Using only the entries below, output the lines starting at the one containing "وفي صحيح مسلم" and ending at the one containing "Cream or sour", exactly and inclusive of both, omitting the pictures.

Given records =
__________
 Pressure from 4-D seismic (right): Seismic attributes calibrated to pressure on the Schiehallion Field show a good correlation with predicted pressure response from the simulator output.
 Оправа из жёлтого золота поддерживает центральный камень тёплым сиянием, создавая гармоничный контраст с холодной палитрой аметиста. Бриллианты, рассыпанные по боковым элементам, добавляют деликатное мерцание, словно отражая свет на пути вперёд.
__________
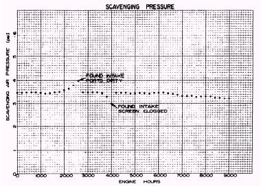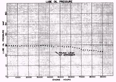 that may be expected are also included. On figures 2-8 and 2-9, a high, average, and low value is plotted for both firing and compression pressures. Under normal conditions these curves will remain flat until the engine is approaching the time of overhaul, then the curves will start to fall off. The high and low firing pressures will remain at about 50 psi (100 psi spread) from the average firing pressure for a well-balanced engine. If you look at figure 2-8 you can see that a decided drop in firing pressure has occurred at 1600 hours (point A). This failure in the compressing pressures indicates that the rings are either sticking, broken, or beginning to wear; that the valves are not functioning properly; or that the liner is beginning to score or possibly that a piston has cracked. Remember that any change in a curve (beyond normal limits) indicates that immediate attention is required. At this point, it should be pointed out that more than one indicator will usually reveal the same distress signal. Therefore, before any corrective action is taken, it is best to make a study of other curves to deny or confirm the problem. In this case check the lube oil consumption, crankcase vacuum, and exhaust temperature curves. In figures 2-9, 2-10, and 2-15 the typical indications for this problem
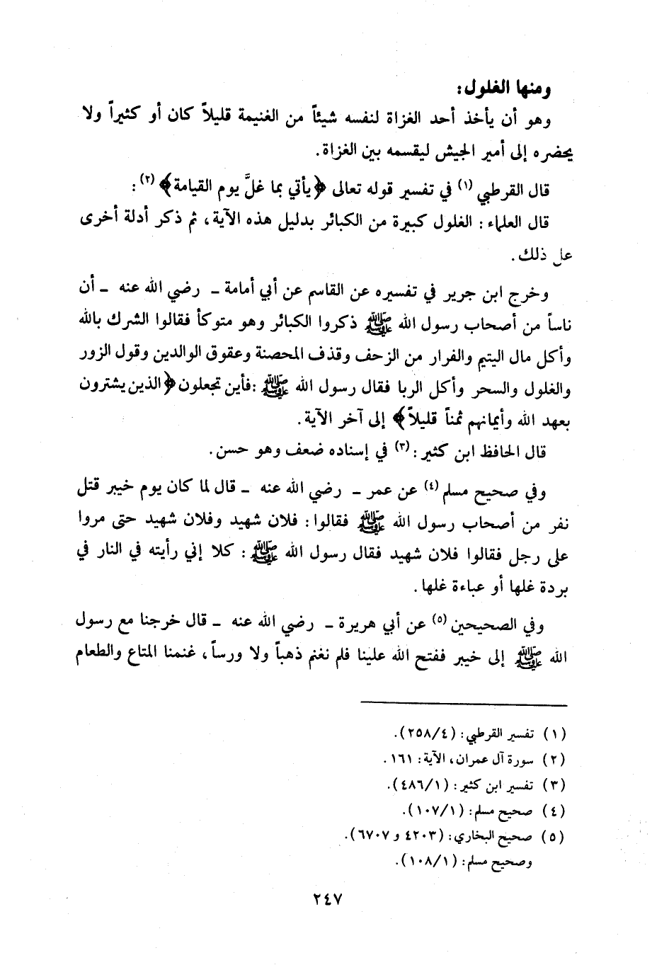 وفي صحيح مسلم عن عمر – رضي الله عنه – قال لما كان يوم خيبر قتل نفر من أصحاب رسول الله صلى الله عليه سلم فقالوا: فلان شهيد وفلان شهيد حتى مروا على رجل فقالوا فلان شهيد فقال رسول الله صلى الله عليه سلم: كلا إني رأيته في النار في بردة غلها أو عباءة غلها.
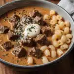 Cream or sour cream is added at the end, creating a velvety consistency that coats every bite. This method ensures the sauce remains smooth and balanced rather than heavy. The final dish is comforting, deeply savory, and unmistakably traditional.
__________
Expected answer =
 وفي صحيح مسلم عن عمر – رضي الله عنه – قال لما كان يوم خيبر قتل نفر من أصحاب رسول الله صلى الله عليه سلم فقالوا: فلان شهيد وفلان شهيد حتى مروا على رجل فقالوا فلان شهيد فقال رسول الله صلى الله عليه سلم: كلا إني رأيته في النار في بردة غلها أو عباءة غلها.
 Cream or sour cream is added at the end, creating a velvety consistency that coats every bite. This method ensures the sauce remains smooth and balanced rather than heavy. The final dish is comforting, deeply savory, and unmistakably traditional.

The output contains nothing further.